Belajar dari Imam al-Syafi’i
Siapa yang tak kenal Imam Syafi’i? Ulama mazhab yang terkenal gemar merantau, hingga membuatnya mampu menyusun fatwa berdasarkan pengalaman yang telah ia temui.
Selain hijrah ke Madinah pada tahun 170 H untuk belajar langsung kepada Imam Dar al-Hijrah, yakni Imam Malik bin Anas, Imam al-Syafii juga berkunjung ke Irak dan Kufah untuk belajar kepada murid-murid Imam Abu Hanifah, sebelum akhirnya kembali lagi ke Madinah menemani Imam Malik hingga wafat pada tahun 179 H.
Bahkan Imam al-Syafi’i terhitung berkunjung ke Irak sebanyak tiga kali. Selain Irak, Ia juga pernah berkunjung ke Persia, Turki dan Ramlah (Palestina), hingga akhirnya menetap dan wafat di Mesir.

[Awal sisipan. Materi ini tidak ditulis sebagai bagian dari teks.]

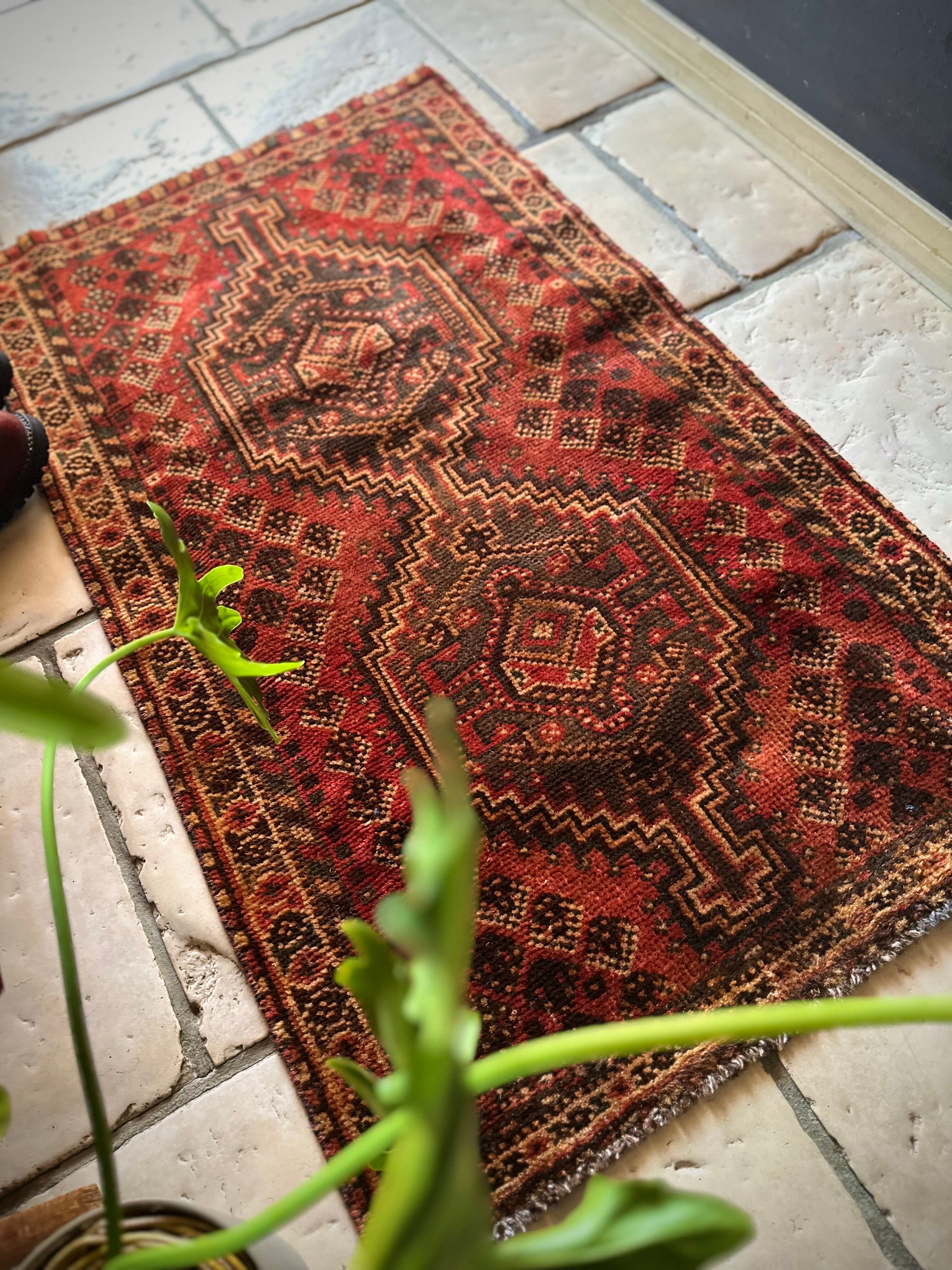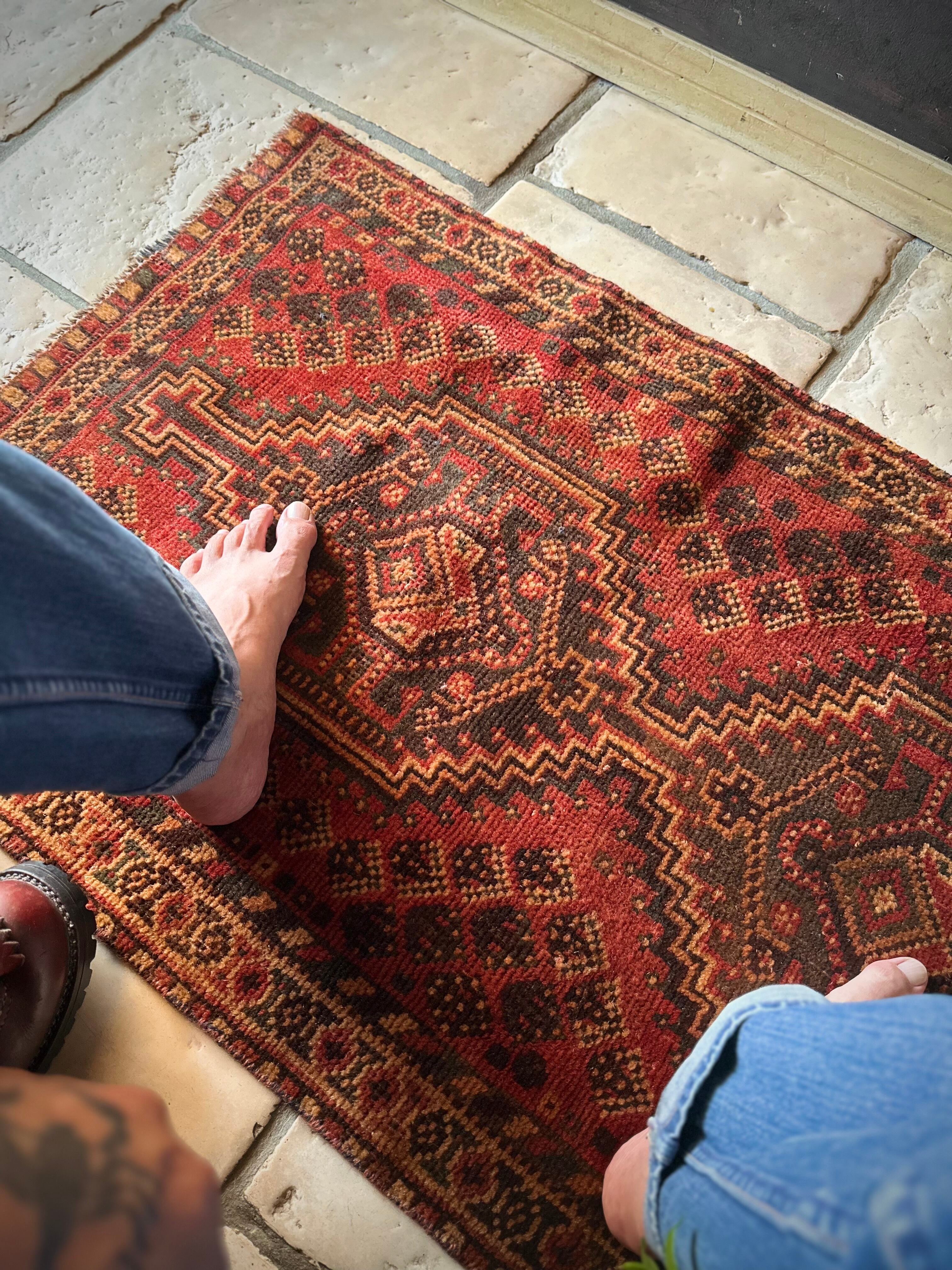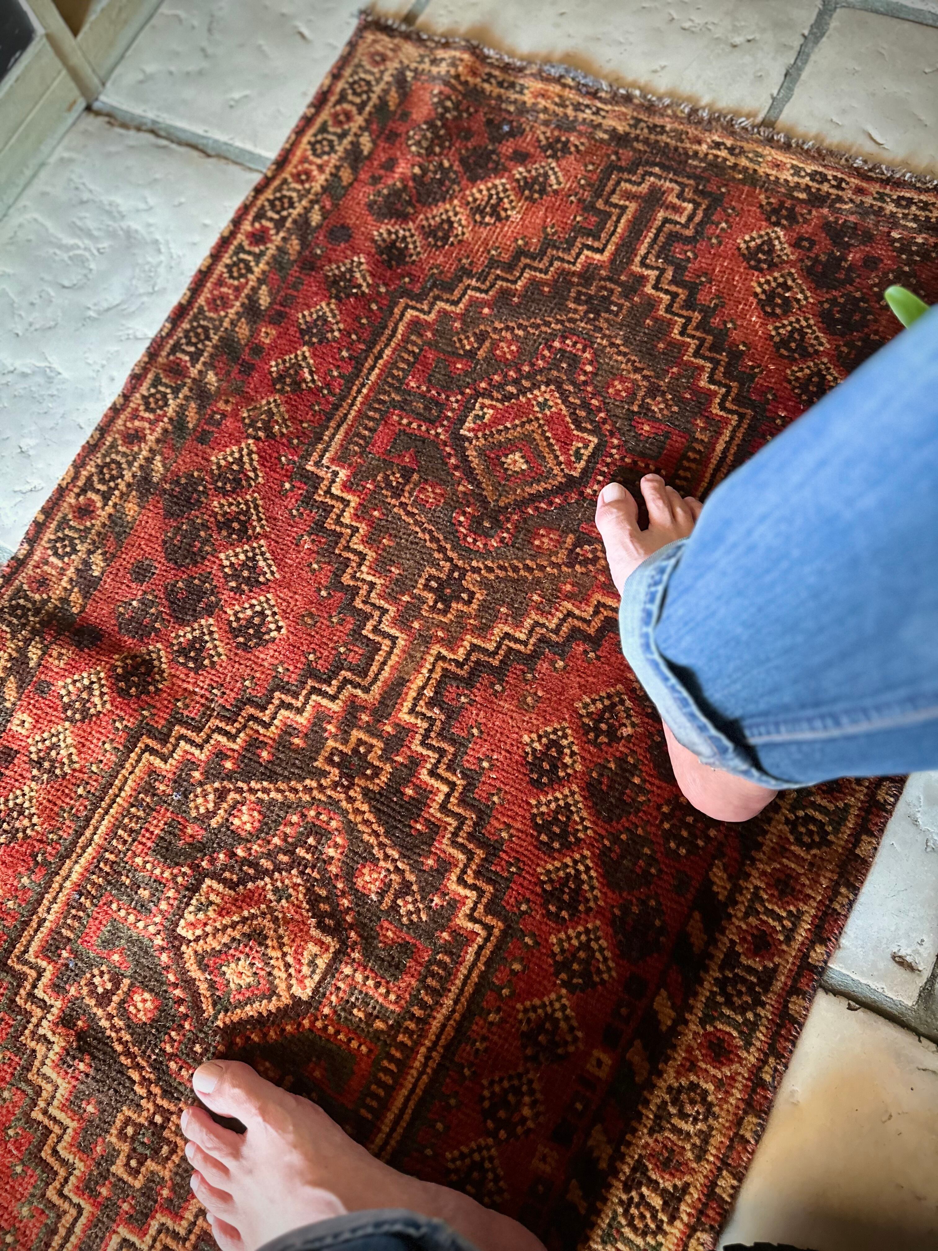 最後にラグそのものに関しては羊毛特有の匂いがあり、採寸は中央付近で計測していますが、手織りならではの歪みによる誤差や水洗いクリーニングによる縮み、また草木染めによる経年劣化の色ムラなどがありますが、それもまたヴィンテージラグの魅力かとご理解ください。

Kesempatan Imam al-Syafii untuk berkunjung ke berbagai kota ini membantunya mengetahui budaya serta adat istiadat yang berlaku di kota-kota tersebut. Hal ini secara tidak langsung menjadi referensi Imam al-Syafii untuk membangun fatwa-fatwa dalam mazhabnya kelak.
Pesan Imam al-Syafi’i
Ada satu pesan Imam al-Syafi’I yang pernah orangtuaku sampaikan ketika dulu saat saya masih kecil selepas SD disuruh mondok, pergi belajar ke luar kota.
“Musafirlah! Engkau akan menemukan sahabat baru pengganti sahabat-sahabat lama yang engkau tinggalkan. Dan bekerjalah yang giat! Karena kenikmatan hidup akan tercapai dengan bekerja keras.”
Tak hanya itu, saat sedang liburan pondok lantas malas untuk segera kembali ke pesantren karena beragam alasan, kali ini kakakku yang menyampaikan pesan Imam al-Syafi’i.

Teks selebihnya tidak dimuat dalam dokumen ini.